Nice analysis, thanks Taimoor!

All the responses (overturning here, SWMT https://github.com/adele157/IAF-meltwater/issues/6, temperature https://github.com/adele157/IAF-meltwater/issues/10, salinity https://github.com/adele157/IAF-meltwater/issues/5, sea ice https://github.com/adele157/IAF-meltwater/issues/7) look fairly small to me. I think before we proceed with more complex analysis here, it would be good to get a handle on how the temperature, salinity and sea ice time series compare to obs (i.e. are the obs trends just small too? or have we underestimated the meltwater perturbation?). And also figure out how large an effect the salinity restoring https://github.com/adele157/IAF-meltwater/issues/2 is having.

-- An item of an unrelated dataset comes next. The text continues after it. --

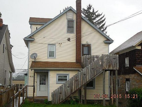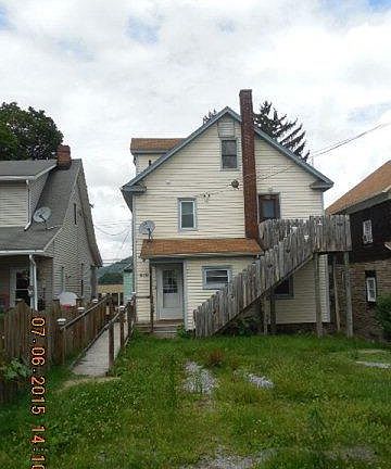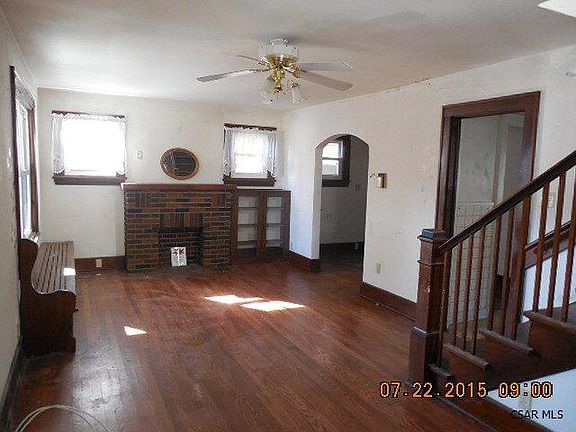 Newer Vinyl Exterior, Living Room w/Open Stairway, Brick Fireplace and Built-ins, Half of Dining Room has been used for Handicap Accessible Bath and Wheelchair Ramp to Rear Door. Three Bedrooms and Bath up, 2nd floor is Independently Accessible from Rear Stairs... Needs some TLC on the Inside! Rear 1 Car Garage

On Mon, 5 Sept 2022 at 11:49, Taimoor Sohail @.***> wrote:

Some options for next steps:

  1. Spectral analysis of bottom cell time series to identify dominant modes of variability, and whether those are changing between the control and meltwater simulations (difficult due to strong ramp up of meltwater)
  2. Repeat the above analysis for specific sectors of the Antarctic (and what are the longitudes defining said sectors?)

Thoughts?

— Reply to this email directly, view it on GitHub https://github.com/adele157/IAF-meltwater/issues/8#issuecomment-1236472432, or unsubscribe https://github.com/notifications/unsubscribe-auth/ACA44U27COFYAVDFADVX4HTV4VGTTANCNFSM6AAAAAAQB3IHRY . You are receiving this because you commented.Message ID: @.***>

taimoorsohail commented 2 years ago

Re: @AndyHoggANU 's suggestion to see the watermasses that have AABW slowdown - here are two plots of the depth- and zonally-integrated normalised volume fraction held in the density layers where the streamfunction decreases over time (from the IAF-melt simulations in 2018). The dashed lines show the approximate latitudes of loss of AABW strength:

WM_AABW_loss_zonal

WM_AABW_loss_top

It looks to be a signal likely from the abyssal Weddell and Ross sectors, more likely from the Weddell sector.